“It’s something that, you know, we can’t really comment on right now,” OpenAI chief scientist Ilya Sutskver said when I spoke with members of the GPT-4 team via video call an hour after the announcement. “It’s pretty competitive out there.”
GPT-4 is a multimodal broad-language model, meaning it can respond to both text and images. Give it a photo of the contents of your fridge and ask what you can make, and GPT-4 will try to find recipes that use the ingredients pictured.

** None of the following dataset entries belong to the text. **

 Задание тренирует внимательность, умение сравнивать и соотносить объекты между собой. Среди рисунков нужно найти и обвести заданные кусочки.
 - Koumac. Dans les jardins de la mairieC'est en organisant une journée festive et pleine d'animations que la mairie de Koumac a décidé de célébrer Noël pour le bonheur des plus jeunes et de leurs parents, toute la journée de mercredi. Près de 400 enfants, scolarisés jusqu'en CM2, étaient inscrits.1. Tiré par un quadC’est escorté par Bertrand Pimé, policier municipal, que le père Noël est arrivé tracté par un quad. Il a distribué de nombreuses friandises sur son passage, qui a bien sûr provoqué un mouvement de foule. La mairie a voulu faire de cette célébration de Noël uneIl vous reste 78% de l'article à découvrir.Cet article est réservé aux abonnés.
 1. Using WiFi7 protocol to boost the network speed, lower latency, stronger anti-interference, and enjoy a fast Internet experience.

It’s also great at explaining jokes, says Sutskever. “If you show it a meme, it can tell you why it’s funny.”
Access to GPT-4 will be available to waitlisted users and premium paid ChatGPT Plus subscribers with limited, text-only capacity.

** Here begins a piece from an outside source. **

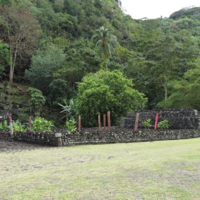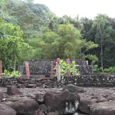 Un petit cours d’histoire sur les marae s’impose afin de comprendre l’importance de ces sites et plus particulièrement celui-ci : les marae des Iles de la Société étaient des espaces réservés aux activités cérémonielles, sociales et religieuses des anciens Polynésiens. Ils formaient des monuments de dimensions différentes qui suscitèrent l’intérêt des observateurs européens de la fin du XVIIIème siècle. Le marae était un espace de méditation, de rituels et de communication des prêtres avec les dieux dont il importait de se ménager les faveurs. Les cérémonies religieuses qui s’y déroulaient donnaient lieu à des prières, des chants, des invocations aux ancêtres ou aux divinités, et à des sacrifices. Le marae était également le reflet d’une organisation des sociétés polynésiennes anciennes, très hiérarchisées et dont les communautés ou hui étaient néanmoins étroitement dépendantes les unes des autres. Le rôle social du marae aurait existé antérieurement à leur attribution sacrée. Les marae étaient de ce fait des enjeux de pouvoir politique et religieux entre les chefferies. Les marae présentaient des différences architecturales et ornementales notables. Ces distinctions semblent autant liées à une différenciation culturelle et cultuelle des îles les unes par rapport aux autres qu’à un jeu d’alliances politiques des chefferies. Le marae était un complexe architectural qui évoluait avec la communauté qu’il représentait. Un agrandissement ou une extension pouvait indiquer une avancée de prestige du propriétaire. Lors d’une prise de possession de terre, de nouveaux marae pouvaient être édifiés à côté ou à l’emplacement d’un ancien marae. Si la conception et la construction d’un marae variait d’une ile à une autre, l’architecture de base comprenait généralement une pierre angulaire, une aire quadrangulaire, la cour du marae pourvue d’un autel à l’une des extrémités et d’un ensemble de pierres dressées et de pierres dossiers. Les maraes étaient des constructions en pierres sèches. Aucun mortier n’était utilisé dans l’agencement des pierres et la grande majorité ont été construits entre le XVème et XVIIIème siècle. (source Ministère du Tourisme de Polynésie Française).

“Continued improvements in many dimensions are remarkable,” says Oren Etzioni at the Allen Institute for AI. “GPT-4 is now the standard against which all foundation models will be evaluated.”
“A good multimodal model has been the holy grail of many large tech labs for the past few years,” says Thomas Wolff, co-founder of Hugging Face, an artificial intelligence startup that follows the open-source, broad-language BLOOM model. “But it remained inevitable.”

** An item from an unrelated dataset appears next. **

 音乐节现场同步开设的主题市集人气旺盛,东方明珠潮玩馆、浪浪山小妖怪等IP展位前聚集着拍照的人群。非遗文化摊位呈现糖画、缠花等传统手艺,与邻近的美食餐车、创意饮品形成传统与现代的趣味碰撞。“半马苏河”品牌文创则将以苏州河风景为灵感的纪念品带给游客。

In theory, combining text and images could allow multimodal models to better understand the world. “It can overcome traditional weaknesses in language models, such as spatial reasoning,” Wolff says.
It is still not clear if this is true for GPT-4. OpenAI’s new model appears to be better at some basic reasoning than ChatGPT, solving simple puzzles like summarizing blocks of text with words starting with the same letter. During my demo on the call, I was shown GPT-4, which summarizes the announcement from OpenAI’s website using words that start with g; Defensive barriers, leadership and achievements were achieved. Huge, groundbreaking and globally gifted.” In another demonstration, GPT-4 accepted a tax document and answered questions about it, giving reasons for their answers.